直売所がこの先生きる道を共に探る

直売所一斉ヒアリング in 長野・集計

直売所の現在とこれからを考える
〜ヒアリングで浮かび上がった課題と独自の取り組み〜



 長野県を舞台に4月からスタートした「環境にやさしい農業」実践直売所育成事業。4~5月にかけて、長野県内の有人・常設の直売所を対象にして、産直新聞社のスタッフと長野県農業改良普及センターの担当者が聞き取り調査をしました。聞き取り項目は、経営規模・運営状況・栽培技術向上の取組み状況・加工や農家レストランとの連携状況などについてです。

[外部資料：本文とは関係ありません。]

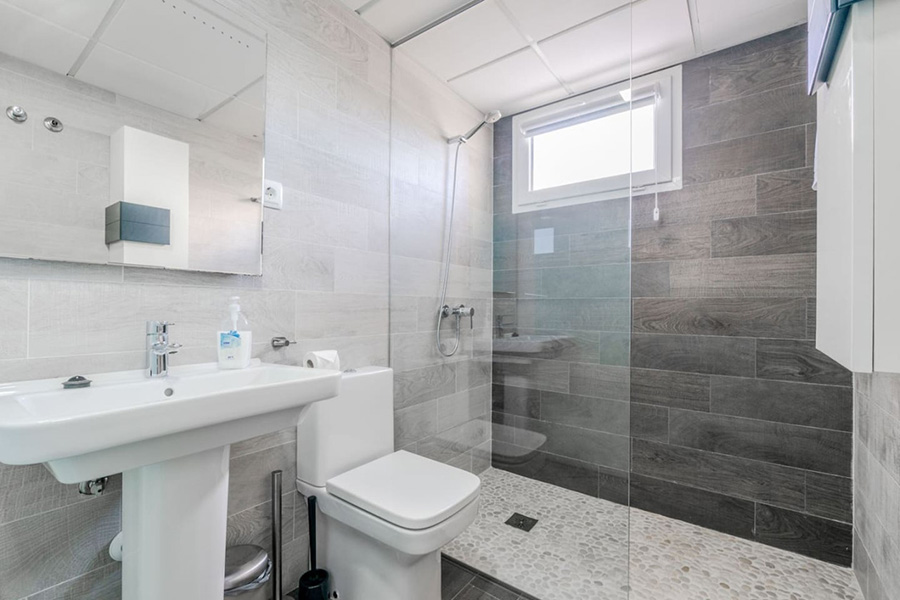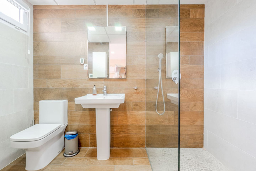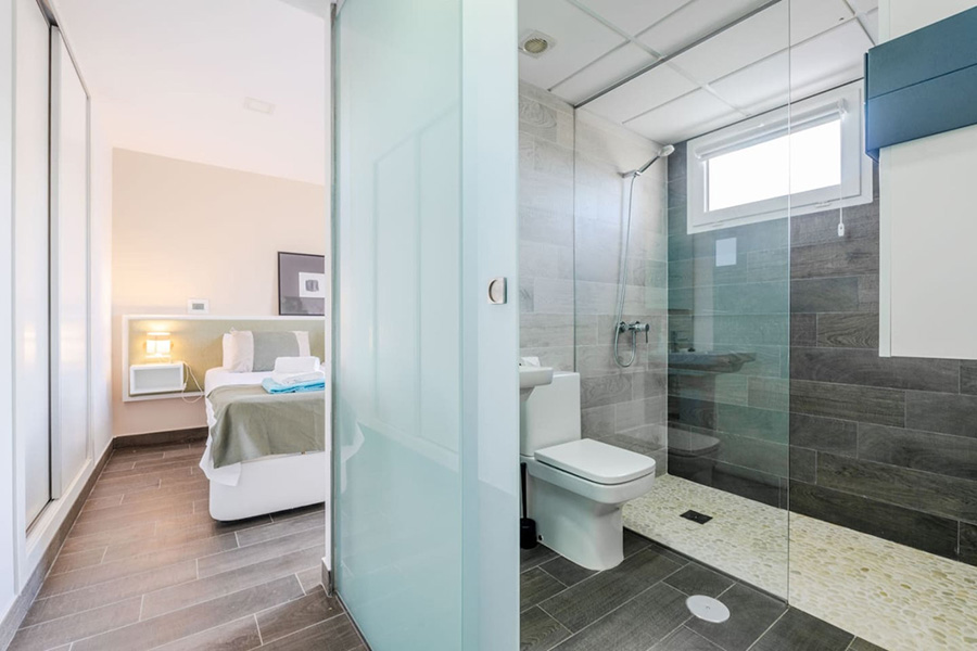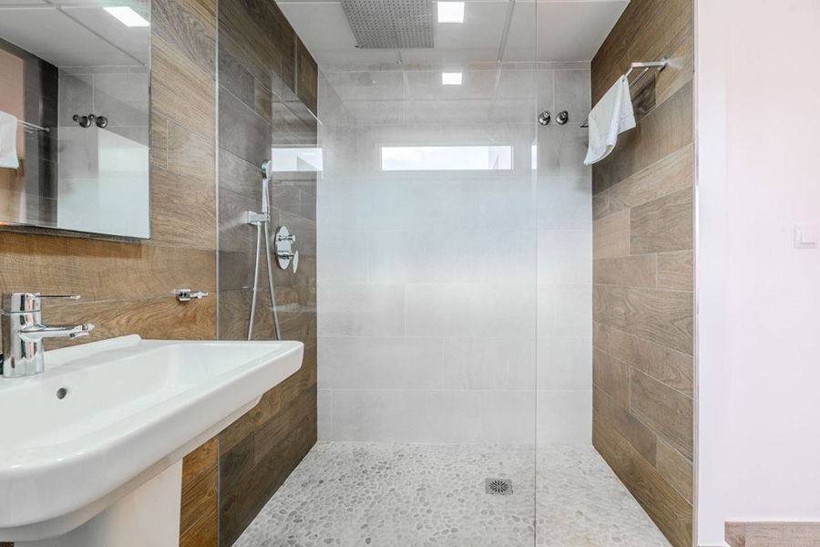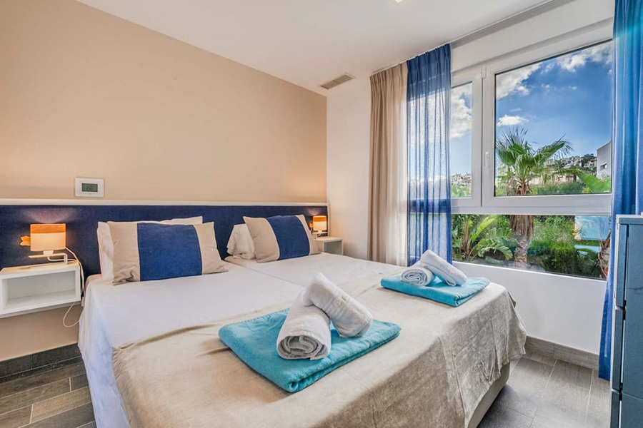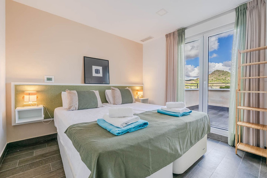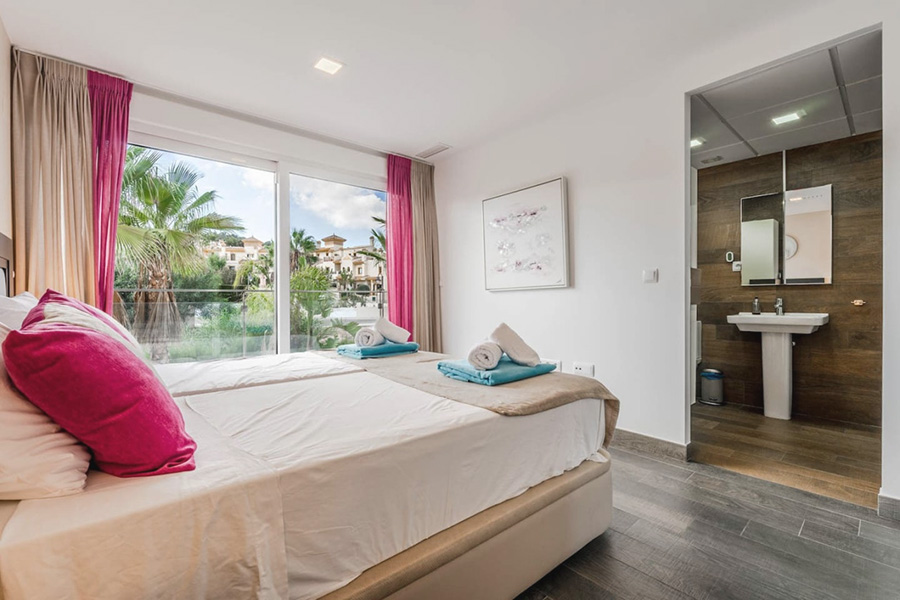 Bedroom two – Super king-size bed which can be made as single beds if preferred, patio doors to an upper terrace/balcony. En-suite bathroom.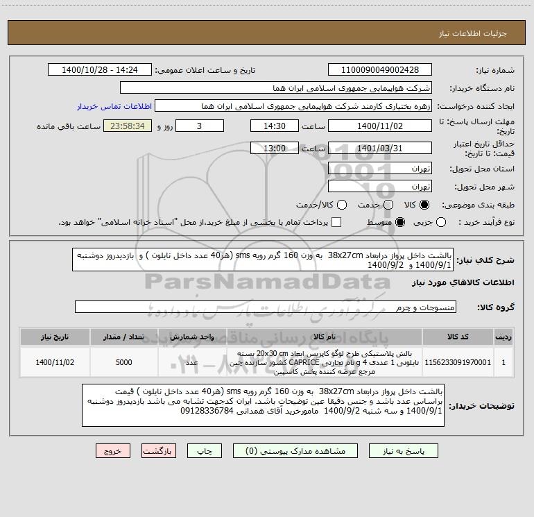 استعلام بالشت داخل پرواز درابعاد 38x27cm به وزن 160 گرم رویه sms (هر40 عدد داخل نایلون ) و بازدیدروز دوشنبه 1400/9/1 و 1400/9/2 , استعلام بالشت داخل پرواز درابعاد 38x27cm به وزن 160 گرم رویه sms (هر40 عدد داخل نایلون ) و بازدیدروز دوشنبه 1400/9/1 و 1400/9/2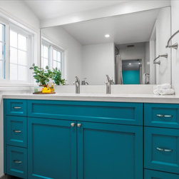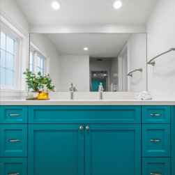 The room resonates with youthful energy and sophisticated touches. At its heart is the single sink vanity that brilliantly incorporates dual water faucets, ensuring both kids have their space during the morning rush. Painted in a captivating teal hue named ‘Silk Sari’, the vanity is both a statement piece, but a touch of modern. Above, a full wall vanity mirror stretches from end to end, creating a feeling of depth and ensuring every angle is reflected.

 通年営業で店舗を持つ220箇所の直売所のうち、合計133箇所の店舗を訪問し、調査にご協力頂きました。本誌ではヒアリングの結果を集計し、グラフから直売所の現在とこれからを考えます。なお、通年営業の店のうちJA系の約60店舗は、JA長野中央会さんの方で結果を集計しているところです。


直売所ヒアリング集計結果



 ヒアリング時には、直売所の運営に関する多領域について取材させていただきましたが、本号ではその中から主要12項目について集計し、グラフにまとめました。項目は次に示す通りです。

 (1)活動開始年
 (2)組合員数
 (3)年間売上げ額
 (4)年間売上げ額
    対前年比
 (5)年間客数
 (6)客単価
 (7)売上げのうち
    農産物が占める割合
 (8)売上げのうち市場
    仕入れの占める割合
 (9)ネット販売の有無
 (10)直売所に併設された
    加工所の有無
 (11)直売所に併設された
    飲食スペースの有無
 (12)栽培履歴の取り扱い について
  
 なお訪問店舗は133箇所ですが、時間や各店舗の都合上、質問し切れなかった項目もありました。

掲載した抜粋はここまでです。